María, volvió a desmayarse en cuanto oyó la noticia. Su hermana Catalina, que se encontraba a su lado, empezó a llorar sin consuelo mientras se abrazaba a su joven y preciosa hermana.

—¿Qué podemos hacer Jacinta?

—¡Ay Dios mío!, cuántas desgracias vienen a esta pobre casa. Con la cara llena de lágrimas, besaba a su hermana en la frente llena de preocupación por las consecuencias.

—¿Qué será de nosotras? —preguntaba a Jacinta—. En el pueblo nadie nos quiere y ahora con esto, va a ser terrible para nosotras seguir viviendo entre estas personas que tanto nos desprecian.

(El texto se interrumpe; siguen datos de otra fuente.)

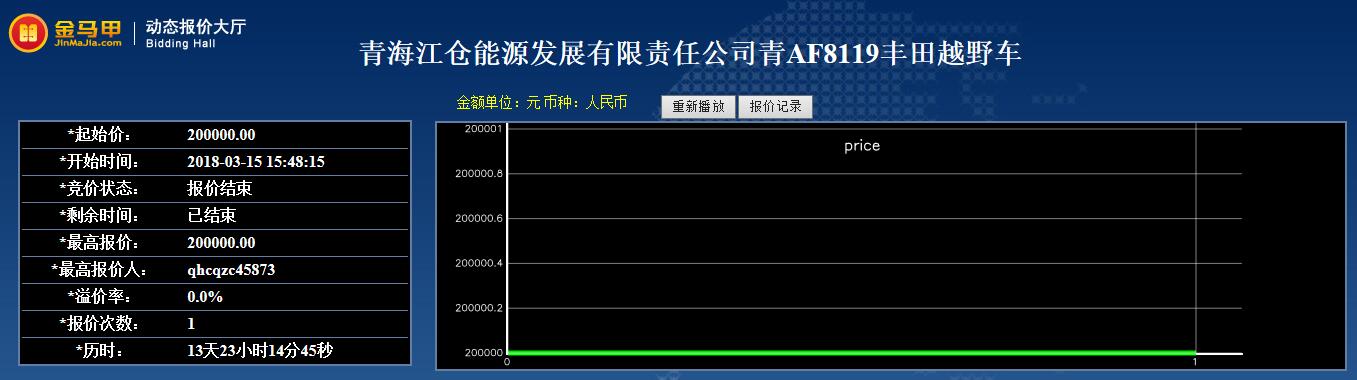 受青海江仓能源发展责任公司委托,青海省产权交易市场于2018年3月15日对其所有的青AF8119(项目编号GZ18QH050315)实行公开网络竞价处置。

Jacinta la Coja, que además de ser la partera del pueblo, tenía ciertas dotes para adivinar el futuro, quiso poner algunas palabras de consuelo y dar tranquilidad a esas jóvenes mujeres que con diferencia eran las más guapas del pueblo, con un corazón noble y generoso, y por ese motivo, Jacinta llegó a sentir un gran aprecio por aquellas muchachas.-

—¡Catalina! —le decía Jacinta mientras mantenía una de sus manos entre las suyas, y mirándola fijamente a los ojos mientras permanecía sentada en el suelo con la cabeza de su hermana contra su pecho, mientras su prima Paca temblando de miedo, le limpiaba el rostro con un trapo húmedo—. Sé que es un momento muy difícil para vosotras, y a partir de ahora, deberéis ser más fuertes que nunca. Vuestros antepasados siempre manifestaron esa gran cualidad y otras muchas e importantes que han llegado a perderse en este pueblo y que solo en vosotras puede permanecer. Todos en Igualeja, conocen esa historia que ha llegado hasta nosotros generación tras generación. Pero las cosas, pueden tomar un camino diferente según me dicta mi corazón. Creo que la angustiosa situación por la que estáis pasando, cambiará radicalmente y un horizonte nuevo y lleno de bienestar, aparecerá para cambiar vuestras vidas, pero incapaz de hacer desaparecer la nobleza de vuestros corazones con la que Dios os ha bendecido.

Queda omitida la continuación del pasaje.